Let's start off with Andrew Sullivan:
After Obama's end-run around Romney on deferring deportations of young native-born Americans who have broken no law apart from being born, the Latina Oprah, Cristina Saralegui, puts her invaluable imprimatur on the president. It's getting more and more necessary for Mitt to max out his percentage of the Caucasian vote:
Most polls this spring show Obama running near the 52 percent he won among those upscale white women in 2008, and also remaining very close to his 80 percent showing among all minorities. If Obama can hold that level of support from those two groups, Romney could amass a national majority only by winning nearly two-thirds of all other whites—the men with college degrees, and the men and women without them. To put that challenge in perspective, Reagan, while winning his historic landslide, carried a combined 66.5 percent of those three groups. To defeat Obama, in other words, Romney may need to equal Reagan.

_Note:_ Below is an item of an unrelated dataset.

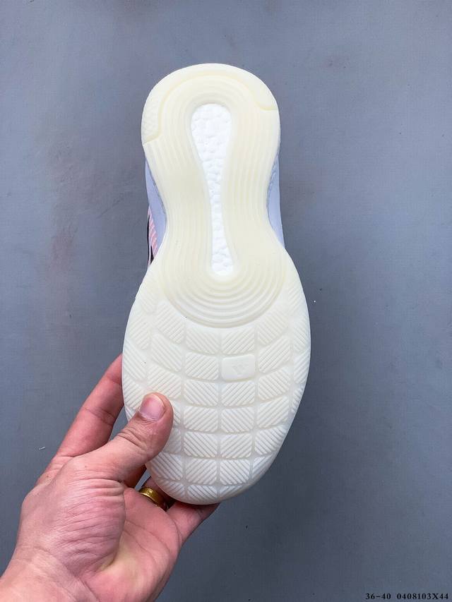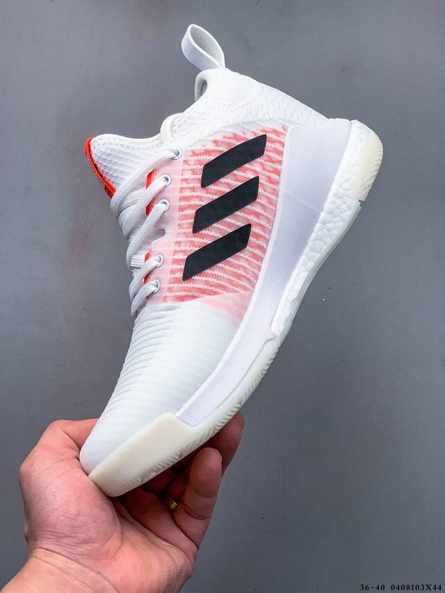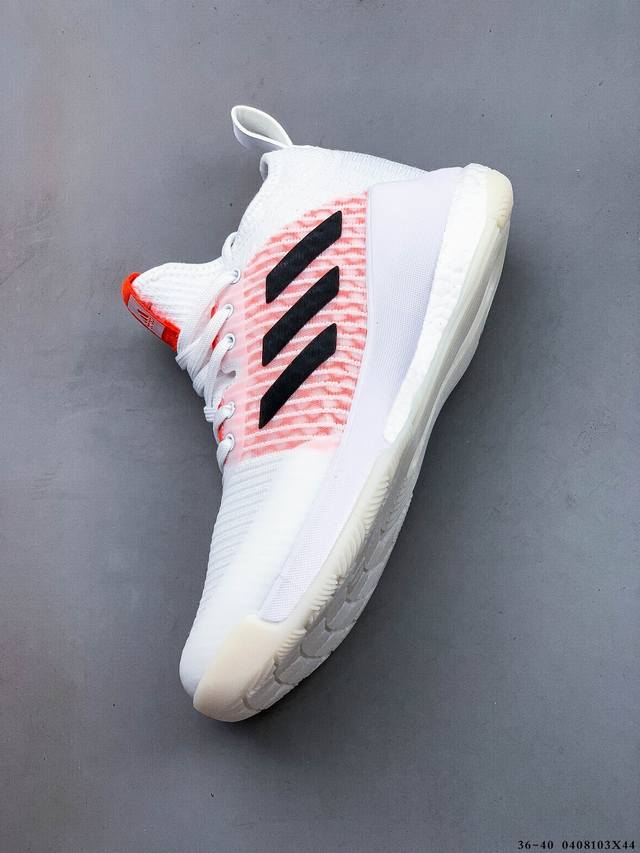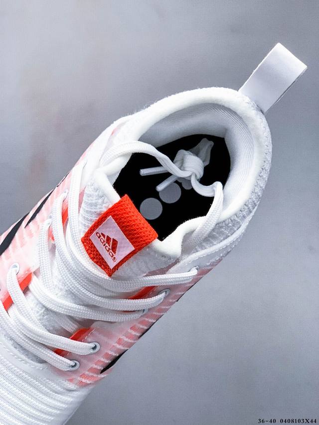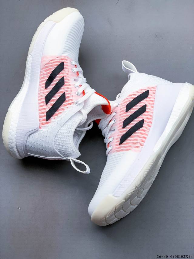 中切设计增加脚踝支撑 采用透气网眼鞋面 弹性袜子般贴合 鞋底3 4处采用 Boost 缓震技术 可实现跳高和软着陆 其周围的合成纤维框架增强了运动到侧面的稳定性
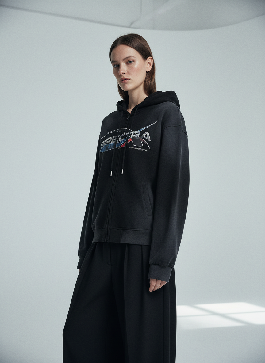 • Design Elements: Bold graphic print with vibrant colors, half-zip closure

So, Romney may be forced to turn to White voters in an unprecedented fashion (i.e., run a more racist-slash-racial campaign than he's used to) in order to compete. Yet, if the Senate, specifically the Republican Senate hadn't bowed down and caved to George W. Bush 43 at every possible turn:
“The importance of the Hispanic vote to President Barack Obama’s reelection chances is practically impossible to overstate,” writes Frank Wilkinson over at Bloomberg View. He’s almost certainly right.
So here’s my question: If President George W. Bush, working with Republican majorities in the House and the Senate, had passed comprehensive immigration reform in 2005, would Democrats have a chance this year? I see how they could have won in 2008, amidst a financial crisis and Bush fatigue. But it’s harder to see how they’d win in 2012 if the Hispanic vote was split.